1. Clone the Repository

git clone https://github.com/LLmHub-dev/open-computer-use.git
cd open-computer-use

2. Set Up Supabase Database

Create Supabase Project

Go to Supabase and create a new project
Wait for the project to finish setting up
Go to Project Settings → API to get your keys

Run Database Schema

Execute the schema to create all required tables:

# Option A: Using Supabase Dashboard
# 1. Go to SQL Editor in your Supabase dashboard
# 2. Copy contents of supabase/schema.sql
# 3. Paste and run the SQL

# Option B: Using Supabase CLI (recommended)
npm install -g supabase
supabase login
supabase link --project-ref your-project-ref
supabase db push

Or manually run the schema file:

psql -h db.your-project.supabase.co -U postgres -d postgres -f supabase/schema.sql

This creates all necessary tables:

👤 Users & Auth: users, user_preferences, user_keys
💬 Chat System: chats, messages, chat_participants, chat_attachments
🤖 AI Agents: machine_sessions, machine_usage, machine_ai_actions
💳 Billing: user_credits, credit_transactions, stripe_customers, subscription_plans
📊 Projects: projects, user_machines, machine_snapshots

3. Set Up Environment Variables

# Frontend
cp .env.example .env
# Edit .env with your configuration

# Backend
cp backend/.env.example backend/.env
# Edit backend/.env with your configuration

Required Variables

Supabase (Required)

NEXT_PUBLIC_SUPABASE_URL=https://your-project.supabase.co
NEXT_PUBLIC_SUPABASE_ANON_KEY=your-anon-key-from-supabase-dashboard
SUPABASE_SERVICE_ROLE=your-service-role-key-from-supabase-dashboard

Security Keys (Required)

# Generate with: openssl rand -hex 32
ENCRYPTION_KEY=your-generated-32-byte-hex-string
CSRF_SECRET=your-generated-32-byte-hex-string

Google Search API (Required for web search)
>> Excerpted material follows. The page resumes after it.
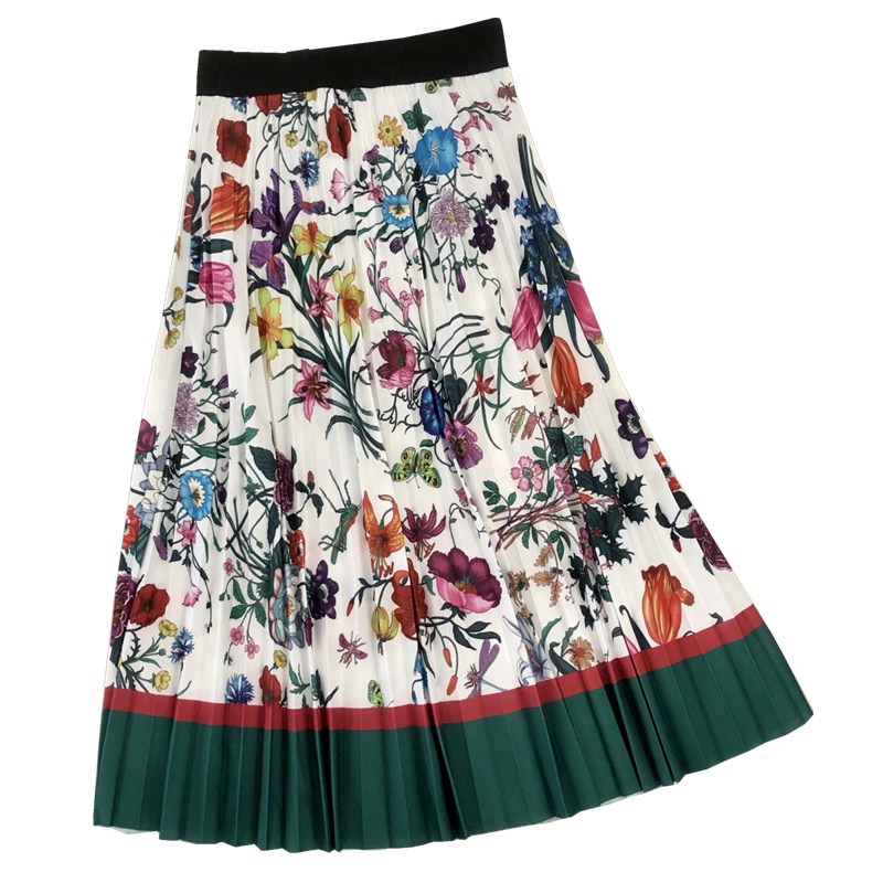 Chân Váy midi Chữ a Lưng Cao Xếp Ly In Họa Tiết Hoa Màu Xanh Lá Phong Cách Hàn Quốc Thời Trang Mùa Hè Xinh Xắn Cho Nữ

GOOGLE_SEARCH_KEY=your-google-api-key
GOOGLE_SEARCH_CX=your-custom-search-engine-id

Get these from Google Cloud Console:

Enable Custom Search API
Create API key
Create Custom Search Engine at programmablesearchengine.google.com

AI Provider Keys (Choose at least one)

# OpenAI
OPENAI_API_KEY=sk-...

# Anthropic
ANTHROPIC_API_KEY=sk-ant-...

# Azure OpenAI (Optional)
AZURE_OPENAI_ENDPOINT=https://your-endpoint.openai.azure.com/
AZURE_OPENAI_API_KEY=your-key
AZURE_OPENAI_DEPLOYMENT=your-deployment-name
AZURE_OPENAI_API_VERSION=2024-02-15-preview

Azure Container Instances (Optional - for cloud VM deployment)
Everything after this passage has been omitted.